Believers will often extol on all of the virtues and beauty of religion and god and look the other way and not see lies and fairy tales. Why not accept the beauty of the world and the concrete existence that we have? We do not need any more, nor do we need the big lies about creation and an afterlife. These tales have caused so much harm in history – from ancient times up to the current day. Poverty, economic control, geographic disputes, political battles and ethnic hatred have emerged from religious belief. Jews, Christians, Muslims, and Hindus (to name just a few of the guilty parties) have clashed over all of these issues through the centuries and still do. Nuclear confrontation is a very real possibility in the Koreas (where the cult of Kim Jong-il is basically a state religion) and in the Kashmir region that is disputed daily by India and Pakistan. Religious and ethnic belief systems are largely responsible for these potentially cataclysmic differences – they are not borne out of any logic or concrete rationale.

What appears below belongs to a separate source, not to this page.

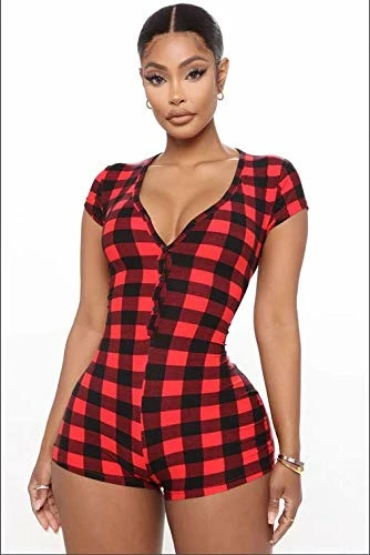 - Fashion Design: Sexy Women’s Christmas Pajamas Onesies, Deep v neck jumpsuit short pants, One piece long rompers shortall pajamas. Button down short-sleeved bodycon overall tracksuit.

Similar situations occurred with Nazi Germany, the Khmer Rouge, US policy on Native Americans, Iran and Iraq, Uganda and Rwanda, and in a less extreme manner in South Africa under apartheid and in modern Israel’s occupation and repression of Palestinians. Oppression is oppression – and when it is based on religion it is brutal. The saddest part of this is that religion and god are a man-made constructs. If nations were fighting over arable land, water, shipping lanes or military threats the conflicts between nations could make sense. The idea of countries eliminating enemies and rivals over the Tooth Fairy sounds ludicrous – but what is the difference between religion and god and any other fictional character?  

People have asked me “why do you care about religion/atheism? What difference does it make? You will not change anyone? Why waste your energy? No one is stopping you from anything? Etc.” Well, I agree that it is unlikely to change anyone’s deep-rooted beliefs, as I know my views are unchangeable in this area. I use my energy and I care so deeply about this topic because of what has been written above. Without even touching on indefensible topics such as clergy pedophilia scandals, celibacy, televangelists, tax-free status of religion in the United States, the obscene wealth of the Vatican and the corruption of popular religious figures like the Dalai Lama[5] and Mother Teresa[6] it is so clear that religion is a big business that is used to control people’s thoughts and actions. The world will be a much better place when we can rid the Earth of this disease. People need to wake up and treat others with respect and the dignity that all people deserve. Religion was supposed to give that to us but it, and the concept of god has failed mankind and needs to go.  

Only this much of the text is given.